Supplied records:
★ ★ ★
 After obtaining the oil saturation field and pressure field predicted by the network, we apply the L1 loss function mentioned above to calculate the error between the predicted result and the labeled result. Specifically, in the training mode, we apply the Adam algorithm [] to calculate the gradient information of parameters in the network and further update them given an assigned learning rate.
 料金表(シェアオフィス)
★ ★ ★
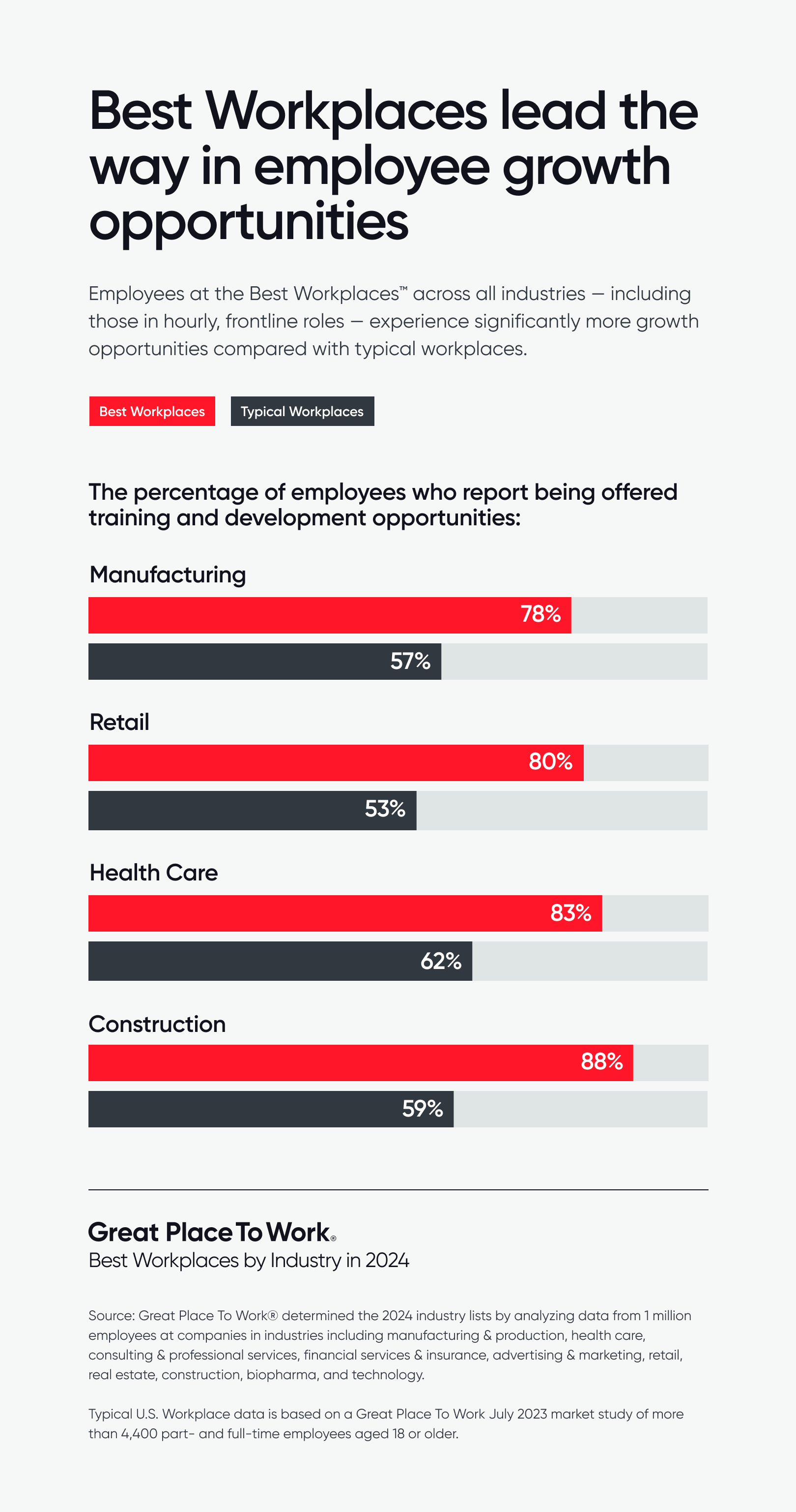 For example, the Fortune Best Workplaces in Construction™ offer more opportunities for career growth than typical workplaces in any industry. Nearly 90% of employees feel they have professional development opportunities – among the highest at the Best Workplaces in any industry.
★ ★ ★
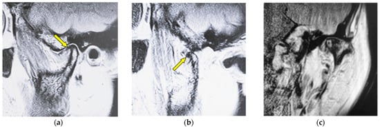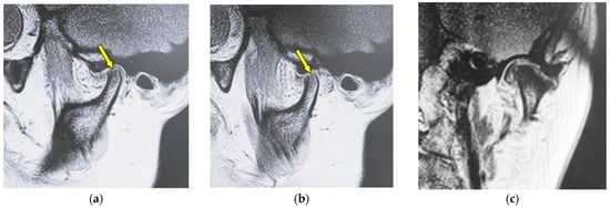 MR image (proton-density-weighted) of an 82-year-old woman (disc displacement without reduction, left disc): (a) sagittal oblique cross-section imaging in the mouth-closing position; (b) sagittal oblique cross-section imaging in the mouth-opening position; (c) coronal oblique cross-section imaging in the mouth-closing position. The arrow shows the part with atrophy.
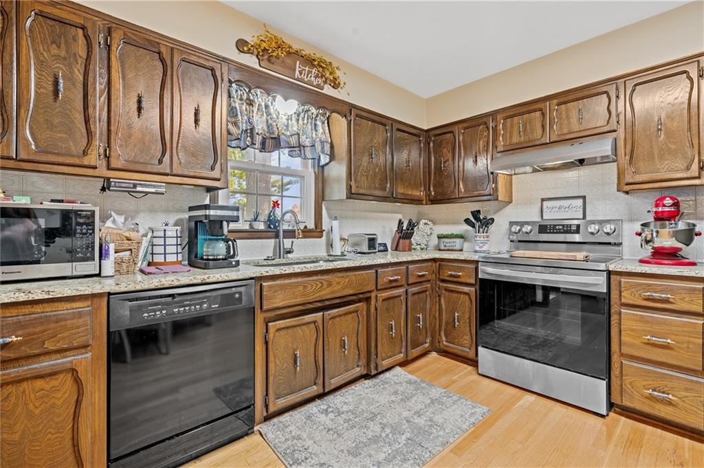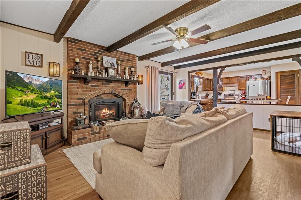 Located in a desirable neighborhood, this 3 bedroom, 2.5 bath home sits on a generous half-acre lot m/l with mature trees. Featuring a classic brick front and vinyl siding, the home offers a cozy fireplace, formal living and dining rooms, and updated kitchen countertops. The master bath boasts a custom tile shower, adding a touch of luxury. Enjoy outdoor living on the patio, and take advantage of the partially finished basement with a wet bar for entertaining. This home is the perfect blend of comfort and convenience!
★ ★ ★
Both the line containing "After obtaining the" and the line containing "料金表(シェアオフィス)" belong in the answer. Print them and every line above that falls between them exactly, and no others.

Reply to the exercise:
 After obtaining the oil saturation field and pressure field predicted by the network, we apply the L1 loss function mentioned above to calculate the error between the predicted result and the labeled result. Specifically, in the training mode, we apply the Adam algorithm [] to calculate the gradient information of parameters in the network and further update them given an assigned learning rate.
 料金表(シェアオフィス)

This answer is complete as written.